Microcredit is Still a “Buy a Subsistence Job” Program

ACORN International Citizen Wealth Financial Justice
Facebooktwitterredditlinkedin
Ruth Fremson/The New York Times Guadalupe Perez, center, took out a loan to expand her party supply store in Jackson Heights, Queens.
Ruth Fremson/The New York Times
Guadalupe Perez, center, took out a loan to expand her party supply store in Jackson Heights, Queens.

Little Rock    There was a long, hopeful report on the supposed growth of microcredit among lower income families in the United States in the New York Times, but no matter how much slipping and falling we might have endured around invisible statistics, there was no way to avoid the bottom line conclusion that microcredit was basically a “buy a subsistence loan with debt” program, plain and simple.

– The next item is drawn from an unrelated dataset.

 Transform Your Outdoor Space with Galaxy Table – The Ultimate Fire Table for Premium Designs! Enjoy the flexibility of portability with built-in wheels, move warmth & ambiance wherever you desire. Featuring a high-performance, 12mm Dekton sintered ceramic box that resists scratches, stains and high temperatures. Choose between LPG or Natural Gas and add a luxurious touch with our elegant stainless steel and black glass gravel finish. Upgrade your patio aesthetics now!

            Grameen America, modeled on the Grameen lending model in Bangladesh, the article said has five branches in New York City and additional outposts in Charlotte, Omaha, and Los Angeles.  They claim 18000 borrowers of small loans and say they have loaned out $100 million over the years. I can remember their time well 35 years or more ago in Eastern Arkansas where they are nevermore.   They say the loans are at 15% interest which is less than the over 20% interest figure claimed, but widely disputed, in Bangladesh, and they are made and paid in a group setting where peer pressures and benefits can help increase the loan pool.  There is no doubt there in the credit desert of low-and-moderate income communities, anything is better than nothing in the same way that a seeing soul can rule in the kingdom of the blind.

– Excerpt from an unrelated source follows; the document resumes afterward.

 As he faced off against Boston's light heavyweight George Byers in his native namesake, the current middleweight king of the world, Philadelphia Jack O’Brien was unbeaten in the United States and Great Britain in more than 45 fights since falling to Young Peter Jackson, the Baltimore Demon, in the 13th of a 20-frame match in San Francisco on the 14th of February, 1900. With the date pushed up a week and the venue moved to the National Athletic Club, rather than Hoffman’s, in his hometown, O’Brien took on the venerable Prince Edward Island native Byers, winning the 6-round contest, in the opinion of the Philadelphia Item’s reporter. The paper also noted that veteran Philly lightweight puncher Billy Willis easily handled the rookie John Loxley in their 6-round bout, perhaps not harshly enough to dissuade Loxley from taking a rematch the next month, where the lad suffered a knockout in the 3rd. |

            The stories though were small scale “buy a job” stories about barely subsistent jobs in  informal operations like making empanadas, buying clothes to be shipped to the Dominican Republic to be sold by family members on the street, simply paying the loans back to establish credit, and so forth.   One woman featured with her small party store in Queens had used the loan to pay the rent and be able to handle two parties simultaneously, but her husband and she worked constantly to make $500 a week, $25000 a year, and, when asked if she would go the route of small business again, adamantly answered, “No.”  These were not happy stories, despite the claims of executives that they added jobs and might add income of up to $2500 per year on average, as they also apologized that there were no statistics to back up the claims.

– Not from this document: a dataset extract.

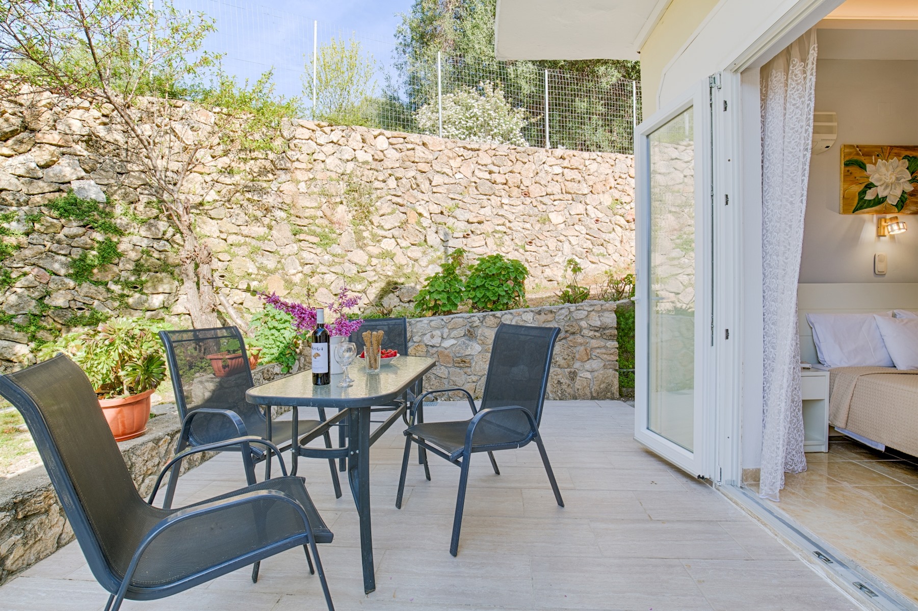 🏡 Three one-bedroom apartments – Ideal for couples, featuring a double or twin bed, ensuite bathroom, kitchenette, and a private veranda or balcony with garden views.
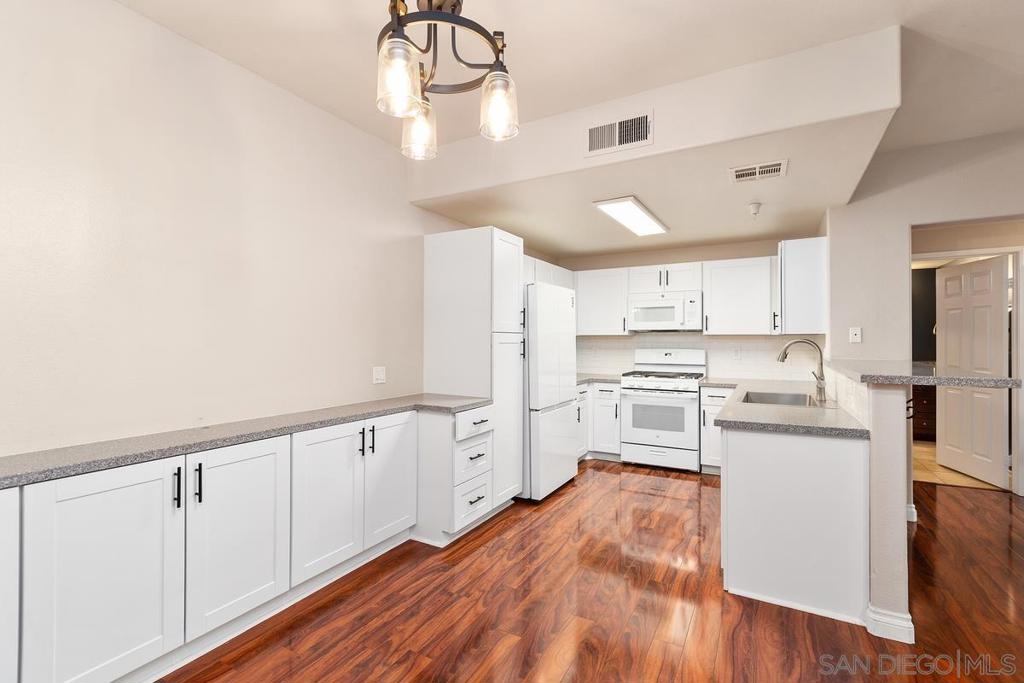 Super clean end unit with a BRAND NEW kitchen and gleaming wood flooring. You will love the floorplan that connects the living room, kitchen eat in bar top and private balcony. You won’t need to do anything because it's ready! In unit full size laundry and all appliances come with it! This amazing GATED community has a pool / spa, fitness center and gathering areas. Open space with walking trails nearby! All of your favorite restaurants are nearby. Come see this one today! Equipment: Dryer, Range/Oven, Washer Sewer: Public Sewer Topography: GSL

            I would argue that this might be better than nothing and undoubtedly there are heartwarming tales of success, but as we have argued in ACORN International reports, this is absolutely NOT a poverty reduction strategy any more than paying an employment agency a couple of hundred to find you a job would be or for that matter running up your own credit cards, if you had them, to float your business or keep your job. These are desperation strategies for families that are drowning, not surfing over the tops of the waves.   When the spokespeople for Grameen are left defending their model in comparison to payday lending outlets and 400% interest, there’s really no question that we’re grasping at straws here to pretend this is path out for the poor.